Extracted entries Block Start

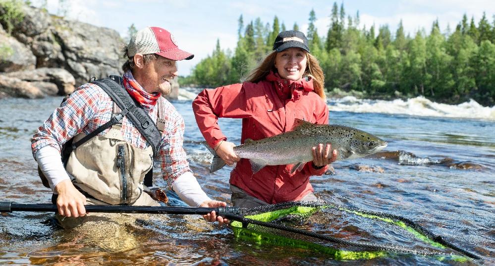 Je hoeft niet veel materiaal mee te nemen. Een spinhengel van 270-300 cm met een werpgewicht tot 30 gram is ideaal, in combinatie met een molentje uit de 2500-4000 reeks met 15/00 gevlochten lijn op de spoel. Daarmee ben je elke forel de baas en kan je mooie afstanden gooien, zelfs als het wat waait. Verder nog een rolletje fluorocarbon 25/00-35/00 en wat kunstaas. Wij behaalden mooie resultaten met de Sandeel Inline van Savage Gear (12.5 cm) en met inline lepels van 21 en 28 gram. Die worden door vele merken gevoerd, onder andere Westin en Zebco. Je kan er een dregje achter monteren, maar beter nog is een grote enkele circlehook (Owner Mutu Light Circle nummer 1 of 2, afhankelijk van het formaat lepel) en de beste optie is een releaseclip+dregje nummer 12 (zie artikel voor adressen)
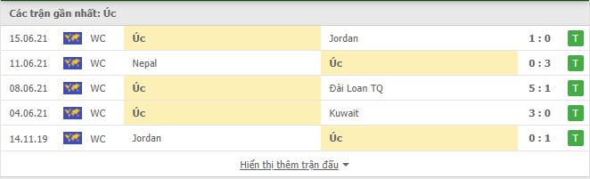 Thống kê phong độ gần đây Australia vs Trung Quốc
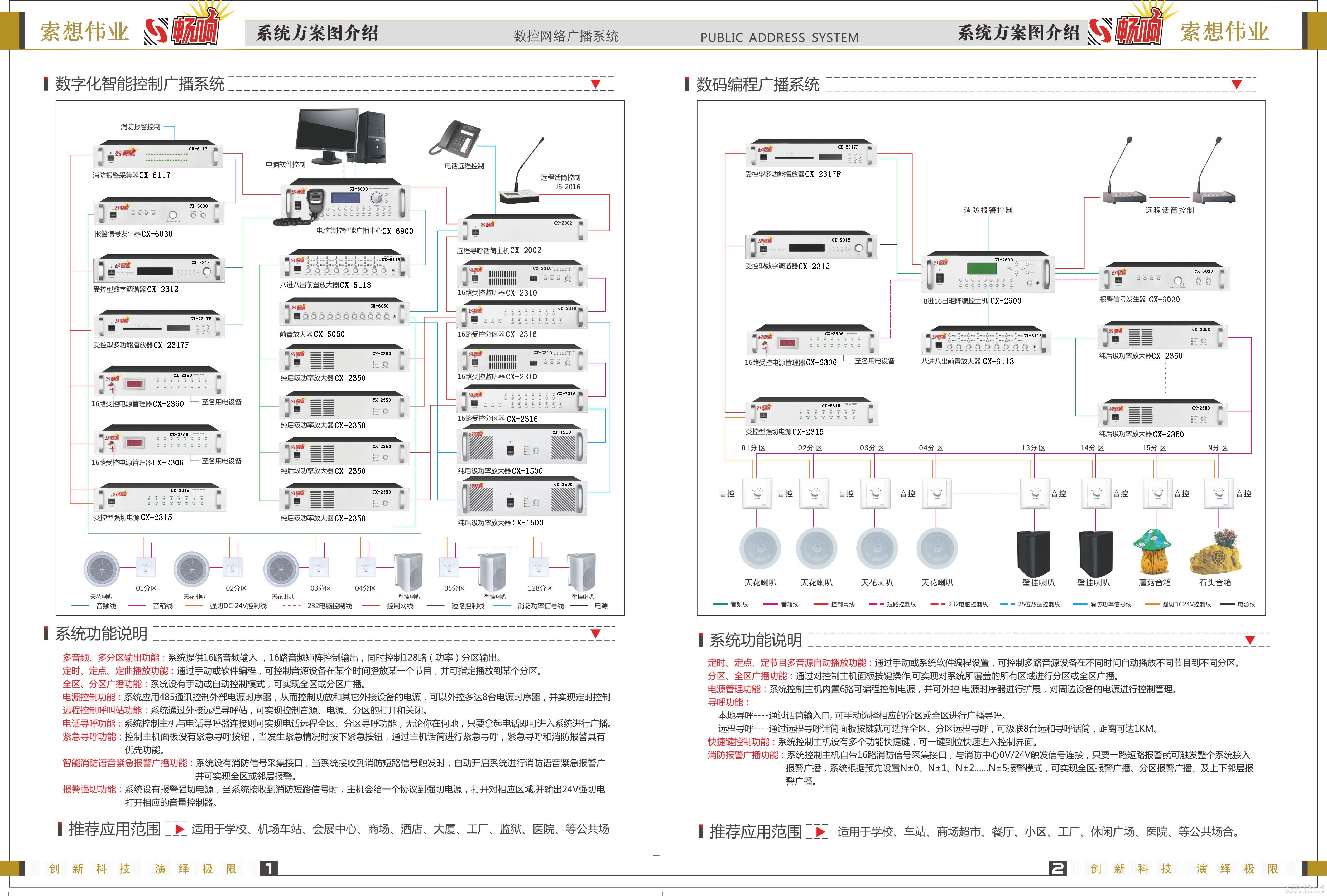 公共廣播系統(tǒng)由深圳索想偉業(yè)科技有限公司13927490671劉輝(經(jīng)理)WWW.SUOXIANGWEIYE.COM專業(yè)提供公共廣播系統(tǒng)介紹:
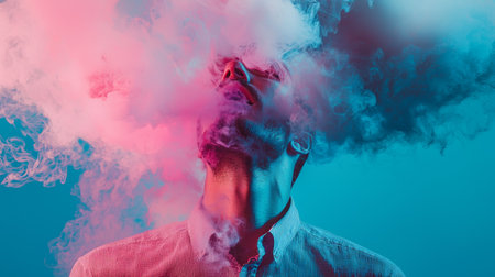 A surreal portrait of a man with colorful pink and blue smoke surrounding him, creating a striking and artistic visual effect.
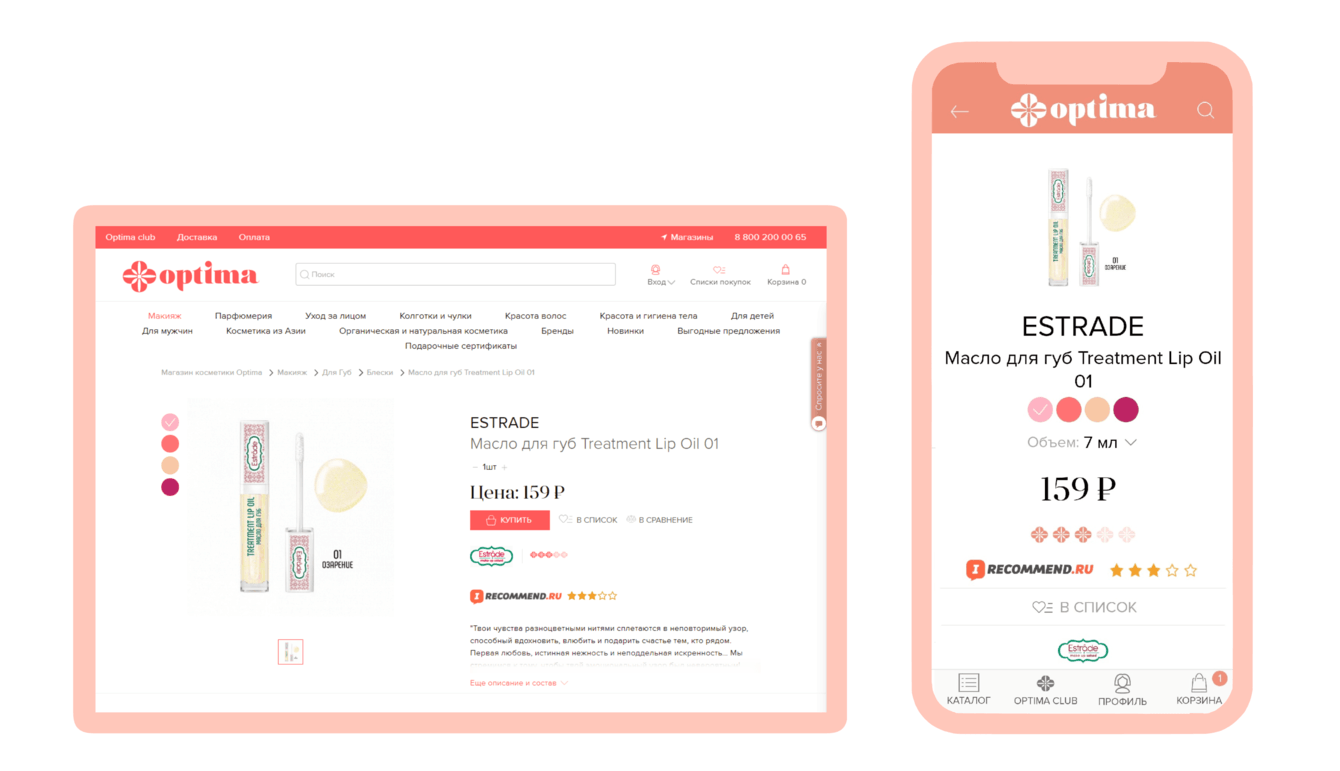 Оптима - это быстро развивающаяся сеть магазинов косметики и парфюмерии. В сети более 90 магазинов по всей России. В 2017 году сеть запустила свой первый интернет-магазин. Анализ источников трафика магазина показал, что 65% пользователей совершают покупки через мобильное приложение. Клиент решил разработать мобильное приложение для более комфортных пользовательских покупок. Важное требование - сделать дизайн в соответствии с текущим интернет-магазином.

Extracted entries Block End

### Exercise
Restate the whole listing exactly as written, minus the pictures.

### Answer area
 Je hoeft niet veel materiaal mee te nemen. Een spinhengel van 270-300 cm met een werpgewicht tot 30 gram is ideaal, in combinatie met een molentje uit de 2500-4000 reeks met 15/00 gevlochten lijn op de spoel. Daarmee ben je elke forel de baas en kan je mooie afstanden gooien, zelfs als het wat waait. Verder nog een rolletje fluorocarbon 25/00-35/00 en wat kunstaas. Wij behaalden mooie resultaten met de Sandeel Inline van Savage Gear (12.5 cm) en met inline lepels van 21 en 28 gram. Die worden door vele merken gevoerd, onder andere Westin en Zebco. Je kan er een dregje achter monteren, maar beter nog is een grote enkele circlehook (Owner Mutu Light Circle nummer 1 of 2, afhankelijk van het formaat lepel) en de beste optie is een releaseclip+dregje nummer 12 (zie artikel voor adressen)
 Thống kê phong độ gần đây Australia vs Trung Quốc
 公共廣播系統(tǒng)由深圳索想偉業(yè)科技有限公司13927490671劉輝(經(jīng)理)WWW.SUOXIANGWEIYE.COM專業(yè)提供公共廣播系統(tǒng)介紹:
 A surreal portrait of a man with colorful pink and blue smoke surrounding him, creating a striking and artistic visual effect.
 Оптима - это быстро развивающаяся сеть магазинов косметики и парфюмерии. В сети более 90 магазинов по всей России. В 2017 году сеть запустила свой первый интернет-магазин. Анализ источников трафика магазина показал, что 65% пользователей совершают покупки через мобильное приложение. Клиент решил разработать мобильное приложение для более комфортных пользовательских покупок. Важное требование - сделать дизайн в соответствии с текущим интернет-магазином.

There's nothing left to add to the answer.